Content note: the following post discusses rape, domestic violence, and sexual/reproductive coercion. The instances are numerous, but not graphic.
All I wanted to do was get some pointers on revising a novel: the next thing I know it's rape and domestic abuse all the way down.
Let me make two things clear at the outset. One: I had done most of the note-taking work for this post before the recent shooting at UCSB took place, before #YesAllWomen and the inevitable douchebag pushback against the many women describing the pervasive fears they deal with on the daily. What was intended as a light, comically astonished post with a tone of See, even here! has taken on a new tenor in light of these events.
Two, James Scott Bell, the author of Revisions and Self-Editing, is clearly doing his best to put together a useful writing handbook for any writer of commercial fiction.
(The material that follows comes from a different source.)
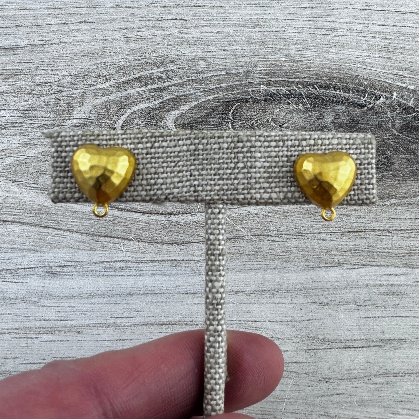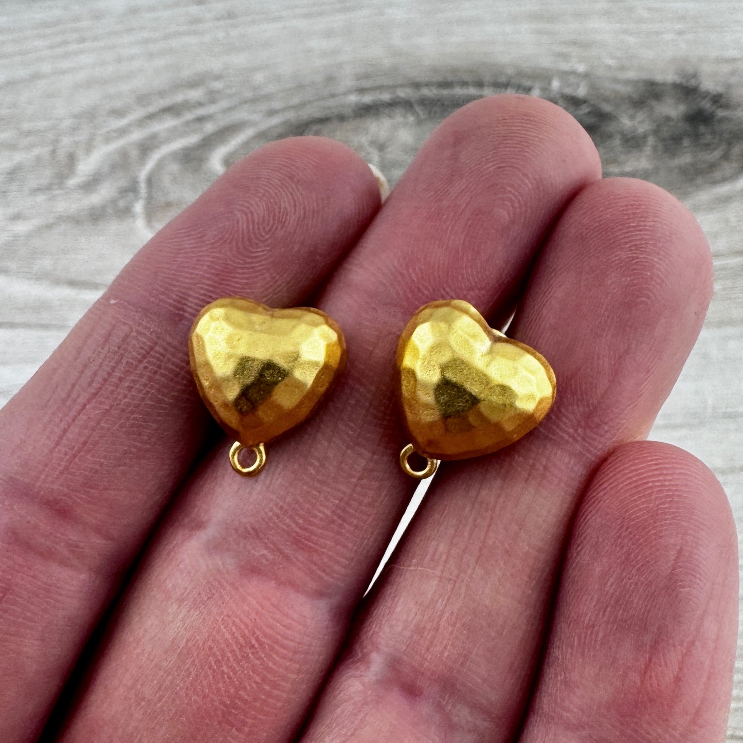 Add Pair of Puffy Heart Studs, Geometric Hammered Gold Earring Post, Jewelry Making Artisan Findings, GL-6331 to the cart
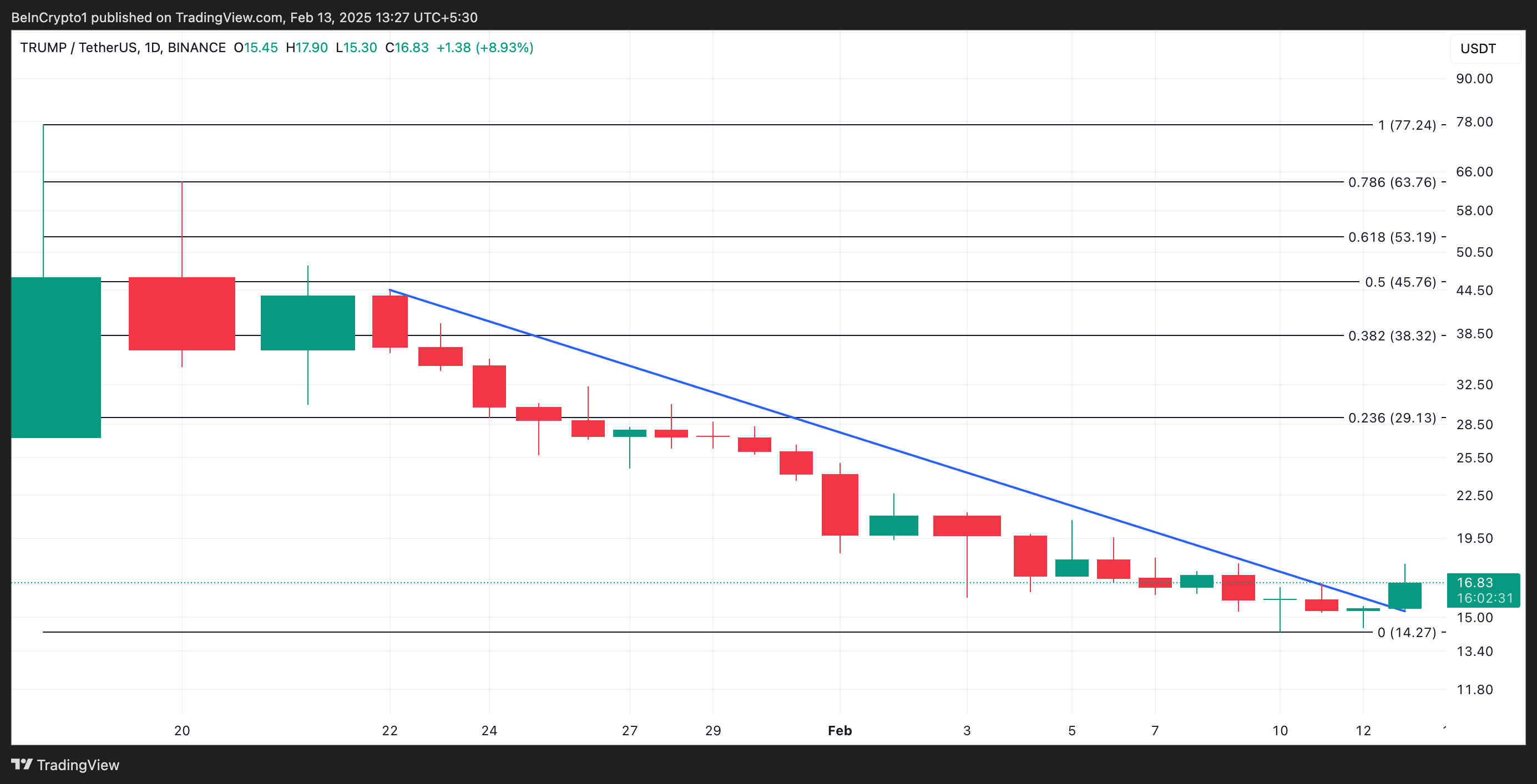 Den gradvisa återhämtningen i handelsaktivitet på kryptomarknaden har lett till en tvåsiffrig ökning i TRUMP:s värde. Vid pressen handlas tokenen för 16,87 USD.

He takes care to vary the gender of his pronouns very thoughtfully throughout the text. It's a nice touch and I didn't want it to go unmentioned -- but this is a surface-level thoughtfulness, easy to implement. Much harder to root out are the deeper biases the author may not realize he's prone to, most prominently fridging/damselling, domestic violence, and rape/attempted rape as a narrative shortcut to reader sympathy. These things come up again and again, recommended by the author as exemplary plot devices. Because I am a huge dork, I went through with a pen and post-its and marked the following things: rape, domestic abuse, Stephen King, Dean Koontz, Scarlet O'Hara, and instances of possible bias against female authors versus male authors. Afterward, the book looked like this:
That ... is a lot more than I was expecting, honestly. Here's the list, with commentary:
- p. 3: "See Watchers by Koontz ... See The Dead Zone by King..."
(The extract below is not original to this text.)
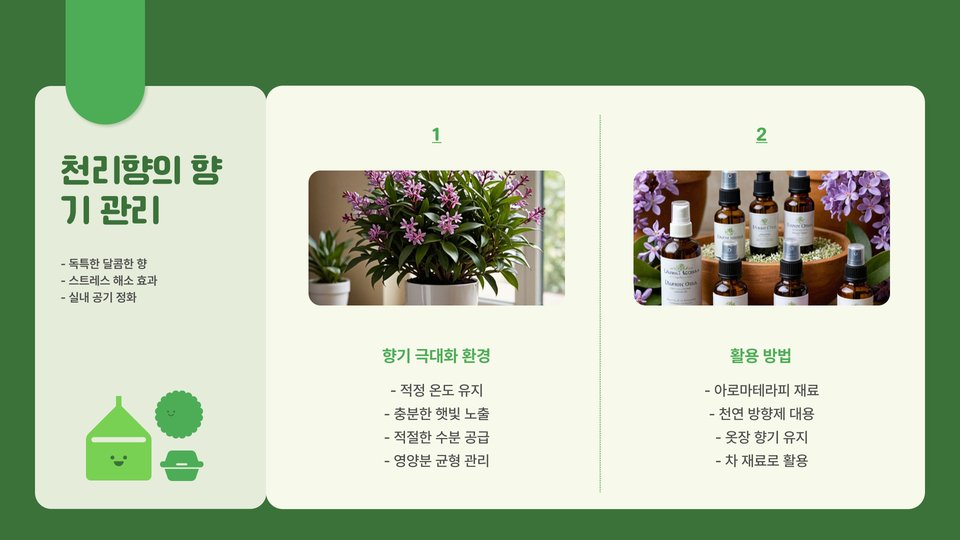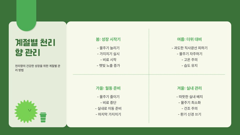첫 해에는 특별한 관리가 필요합니다. 겨울철에는 적절한 보온과 물 관리가 필요하며, 여름철에는 과습과 직사광선을 피해야 합니다. 이러한 초기의 노력이 천리향의 향기로운 열매를 보장하는 기초가 됩니다.

Koontz and King are James Scott Bell's go-to authors. They are mentioned so many times that the index doesn't even cover all their appearances (page 3, for instance, is not listed in the index under King, though it does appear under Koontz). I don't object to using either author as an example on principle -- they're both hugely successful and famous for the kind of hooky commercial fiction this book is designed to help with -- but it sets a certain dudely-horror tone for the rest of the text. Dudely-horror is my second-least favorite genre of anything (only beaten by dudely literary fiction that revolves around suburban middle-aged adultery), so this is definitely a part where my own biases come in to play.
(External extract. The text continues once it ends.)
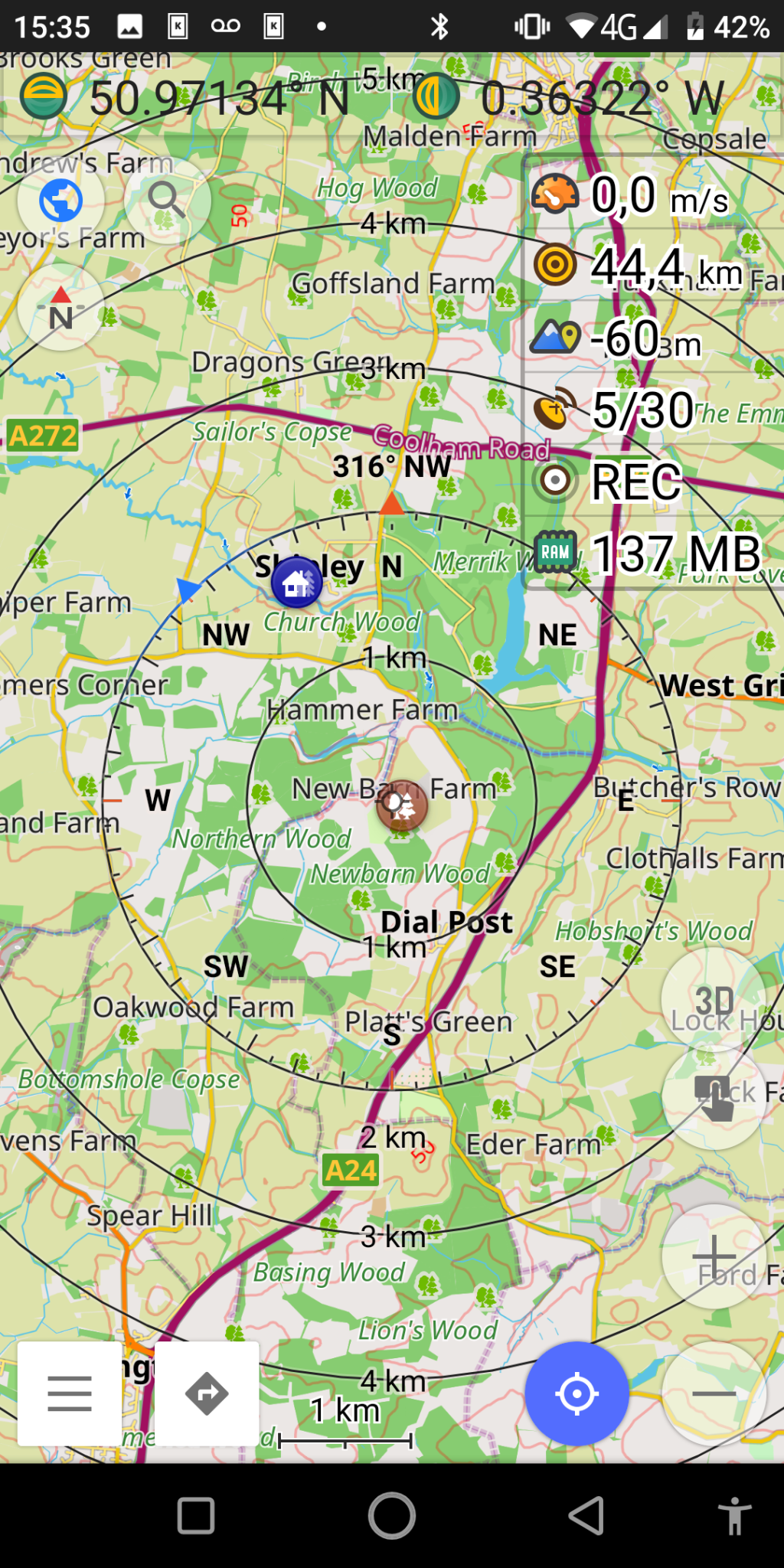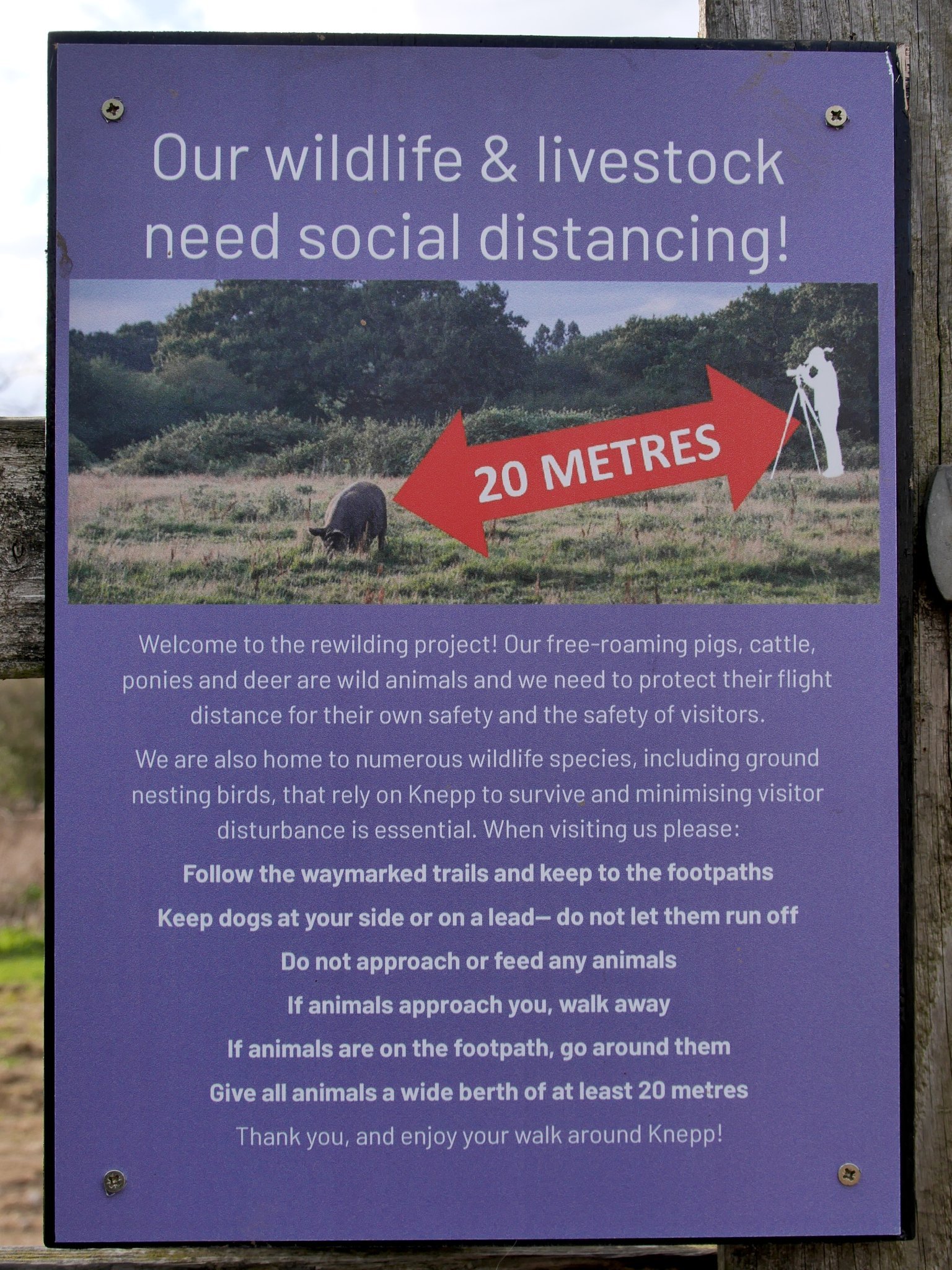 Knepp is approximately 12 km south of Horsham and 10 km south east of Billingshurst near the junction of the A24 and the A272. The main entrance is just off the A24, London-Worthing road. The address for the main visitors area is Worthing Road, Dial Post, RH13 8NQ. Ordnance Survey grid reference. TO 15011 20377. The car park is open from 07:00 to 19:00. There is no overnight parking and there is a 20 km/h | 13 mph speed limit on the access road.

- p. 9: Proust's most famous work is a "masterpiece."
Again, I agree with this as a fact. Proust's À la recherche du temps perdu is a masterpiece. Also notoriously long-winded and overwritten. We will have cause to revisit this page later on in these notes.
- p. 13: "Petey is gone again. And this time, he's taken Brad's wife and child with him."
Our first damselling! I thought nothing of this on my first read-through. But I definitely marked it when going through with my post-its, because the idea of putting a male lead's wife/female relative/love interest in peril to raise the narrative stakes comes up over and over again.
Scarlett appears here first as an example of a complex lead character. Which: sure. But she's also notably sexually assaulted at one point in the novel and oh yes, her book is nearly ninety years old. Plus, Scarlett is deeply and aggressively sexualized, not only by Margaret Mitchell but also by James Scott Bell. Perhaps I have my own reasons for marking down Gone With the Wind references as red flags, but it seemed ... odd.
- p. 20: Scarlett O'Hara again; Stephen King's Rose Madder.
This is the section on GRIT, a quality your lead character must have. The rule -- verbatim -- is: "No wimps!" (Emphasis original.) Scarlett is described as someone who "overplays the coquette" but who is otherwise brave. Which: sure, though I'm not sure Melanie's the best person to cite as someone Scarlett is brave for, as JSB does here.
Meanwhile, we get the first of many mentions of Rose Madder, Stephen King's story of a battered wife trying to escape her abusive cop husband. Bell lingers to describe the physical effects of abuse and how it has also made Rose unfit for the wider world, therefore her every little step forward feels like a triumph. He sees this as an excellent way for an author to get a reader to connect with a character; I feel a little queasy watching this realistic misery served up as exemplary entertainment. Telltale quote: " It would have been easy for King to spend ten chapters detailing the abuse Rose took from her husband. But being a master of the craft, he knew that would have been too much 'taking it.'"
I cannot give enough side-eye to the phrase "taking it" when used in the context of domestic violence.
- p. 22: Scarlett O'Hara and Rhett Butler
Another Scarlett mention -- but the character whose lines are excerpted on the page is not Scarlett, but Rhett. Again, Scarlett is shown flirting aggressively.
- p. 23: Scarlett O'Hara the vamp
Scarlett's behavior and physical charms are detailed for about half a page, with an excerpt. The language is active, which is nice -- Scarlett is clearly in control -- but it's highly sexualized and vampish.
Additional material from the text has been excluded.